══ Raw data

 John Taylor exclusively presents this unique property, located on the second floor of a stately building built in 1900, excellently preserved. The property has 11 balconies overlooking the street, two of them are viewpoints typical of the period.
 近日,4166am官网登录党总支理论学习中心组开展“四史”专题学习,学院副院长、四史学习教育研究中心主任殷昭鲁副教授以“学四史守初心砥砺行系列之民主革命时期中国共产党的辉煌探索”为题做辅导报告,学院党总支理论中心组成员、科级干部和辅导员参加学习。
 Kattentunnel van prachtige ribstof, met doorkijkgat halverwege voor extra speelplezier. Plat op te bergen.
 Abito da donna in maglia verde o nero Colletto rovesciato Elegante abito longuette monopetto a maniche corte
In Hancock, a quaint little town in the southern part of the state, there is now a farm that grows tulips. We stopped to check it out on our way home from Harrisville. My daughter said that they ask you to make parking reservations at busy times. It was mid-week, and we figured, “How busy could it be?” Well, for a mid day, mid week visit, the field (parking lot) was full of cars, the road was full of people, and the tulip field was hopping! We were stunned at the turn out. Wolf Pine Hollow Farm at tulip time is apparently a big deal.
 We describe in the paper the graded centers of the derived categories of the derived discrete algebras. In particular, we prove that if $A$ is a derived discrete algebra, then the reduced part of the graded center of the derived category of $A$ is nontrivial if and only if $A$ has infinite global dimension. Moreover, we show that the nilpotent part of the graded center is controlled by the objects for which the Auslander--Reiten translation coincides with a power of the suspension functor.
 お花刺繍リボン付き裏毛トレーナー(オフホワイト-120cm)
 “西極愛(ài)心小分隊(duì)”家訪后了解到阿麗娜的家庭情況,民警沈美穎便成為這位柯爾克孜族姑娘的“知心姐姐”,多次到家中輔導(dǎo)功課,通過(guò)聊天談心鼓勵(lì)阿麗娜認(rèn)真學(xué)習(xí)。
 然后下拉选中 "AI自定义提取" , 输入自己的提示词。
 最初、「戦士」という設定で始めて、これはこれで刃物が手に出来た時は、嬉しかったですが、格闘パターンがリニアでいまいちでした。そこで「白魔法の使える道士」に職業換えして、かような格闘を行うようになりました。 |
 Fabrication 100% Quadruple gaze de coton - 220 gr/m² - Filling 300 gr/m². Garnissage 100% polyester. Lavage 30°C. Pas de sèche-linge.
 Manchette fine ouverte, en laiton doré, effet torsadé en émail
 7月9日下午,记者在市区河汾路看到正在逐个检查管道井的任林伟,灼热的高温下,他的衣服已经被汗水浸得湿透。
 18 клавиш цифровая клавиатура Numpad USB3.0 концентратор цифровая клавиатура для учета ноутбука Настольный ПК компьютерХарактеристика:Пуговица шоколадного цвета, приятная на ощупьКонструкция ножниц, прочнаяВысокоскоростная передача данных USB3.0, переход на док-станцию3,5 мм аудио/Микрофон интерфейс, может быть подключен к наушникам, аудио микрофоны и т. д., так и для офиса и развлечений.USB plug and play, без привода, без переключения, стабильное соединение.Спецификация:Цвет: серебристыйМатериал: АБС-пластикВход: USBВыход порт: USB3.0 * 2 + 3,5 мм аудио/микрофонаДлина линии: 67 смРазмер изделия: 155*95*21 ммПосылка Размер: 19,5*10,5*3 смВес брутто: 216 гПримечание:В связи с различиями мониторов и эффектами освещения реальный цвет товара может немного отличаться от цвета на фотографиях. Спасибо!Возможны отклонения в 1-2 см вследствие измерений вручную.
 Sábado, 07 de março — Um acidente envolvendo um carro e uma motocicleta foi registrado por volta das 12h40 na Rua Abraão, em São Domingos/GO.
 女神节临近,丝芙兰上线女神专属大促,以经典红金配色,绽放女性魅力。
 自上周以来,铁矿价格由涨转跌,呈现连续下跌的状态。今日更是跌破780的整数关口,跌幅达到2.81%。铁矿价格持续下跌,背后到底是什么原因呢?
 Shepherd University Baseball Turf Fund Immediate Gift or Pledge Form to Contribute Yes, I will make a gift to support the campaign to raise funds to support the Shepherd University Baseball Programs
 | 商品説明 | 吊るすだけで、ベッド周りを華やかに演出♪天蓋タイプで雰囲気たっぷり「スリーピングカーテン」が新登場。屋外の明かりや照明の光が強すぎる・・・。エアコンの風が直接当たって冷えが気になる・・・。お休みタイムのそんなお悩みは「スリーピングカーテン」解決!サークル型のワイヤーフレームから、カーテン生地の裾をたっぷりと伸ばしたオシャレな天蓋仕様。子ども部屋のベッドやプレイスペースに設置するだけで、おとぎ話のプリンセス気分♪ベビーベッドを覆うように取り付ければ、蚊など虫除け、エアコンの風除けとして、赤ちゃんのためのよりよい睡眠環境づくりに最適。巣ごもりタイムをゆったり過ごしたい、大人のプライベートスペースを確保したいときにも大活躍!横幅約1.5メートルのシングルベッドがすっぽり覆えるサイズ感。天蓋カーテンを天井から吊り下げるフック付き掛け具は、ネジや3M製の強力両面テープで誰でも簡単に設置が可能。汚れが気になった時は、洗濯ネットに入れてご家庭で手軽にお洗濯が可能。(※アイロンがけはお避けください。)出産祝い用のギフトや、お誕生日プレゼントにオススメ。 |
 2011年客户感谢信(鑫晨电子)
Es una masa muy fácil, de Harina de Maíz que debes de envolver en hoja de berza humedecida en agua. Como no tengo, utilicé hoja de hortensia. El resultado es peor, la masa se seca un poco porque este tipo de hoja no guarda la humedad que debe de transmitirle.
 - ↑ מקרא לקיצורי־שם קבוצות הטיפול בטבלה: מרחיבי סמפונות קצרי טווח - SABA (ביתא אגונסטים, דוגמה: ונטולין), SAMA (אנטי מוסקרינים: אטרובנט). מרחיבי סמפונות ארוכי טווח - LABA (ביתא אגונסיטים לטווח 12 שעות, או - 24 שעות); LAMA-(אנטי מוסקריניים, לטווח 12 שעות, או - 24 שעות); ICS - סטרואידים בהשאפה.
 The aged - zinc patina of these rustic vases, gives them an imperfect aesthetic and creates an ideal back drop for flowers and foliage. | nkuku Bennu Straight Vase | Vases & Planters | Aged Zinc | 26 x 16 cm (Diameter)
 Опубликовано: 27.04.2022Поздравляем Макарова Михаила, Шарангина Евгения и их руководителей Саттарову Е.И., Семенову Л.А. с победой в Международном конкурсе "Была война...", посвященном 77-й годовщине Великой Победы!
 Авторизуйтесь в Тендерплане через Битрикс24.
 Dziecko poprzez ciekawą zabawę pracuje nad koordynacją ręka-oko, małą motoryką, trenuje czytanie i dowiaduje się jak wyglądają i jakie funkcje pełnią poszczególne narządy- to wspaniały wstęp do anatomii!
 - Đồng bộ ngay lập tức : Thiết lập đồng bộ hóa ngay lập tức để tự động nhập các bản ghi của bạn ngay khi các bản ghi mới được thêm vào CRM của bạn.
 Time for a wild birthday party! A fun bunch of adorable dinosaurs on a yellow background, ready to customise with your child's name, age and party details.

════

* Problem details:
Scan the data above for the word "them". Copy every line in which it is found.

* Response box:
 John Taylor exclusively presents this unique property, located on the second floor of a stately building built in 1900, excellently preserved. The property has 11 balconies overlooking the street, two of them are viewpoints typical of the period.
 The aged - zinc patina of these rustic vases, gives them an imperfect aesthetic and creates an ideal back drop for flowers and foliage. | nkuku Bennu Straight Vase | Vases & Planters | Aged Zinc | 26 x 16 cm (Diameter)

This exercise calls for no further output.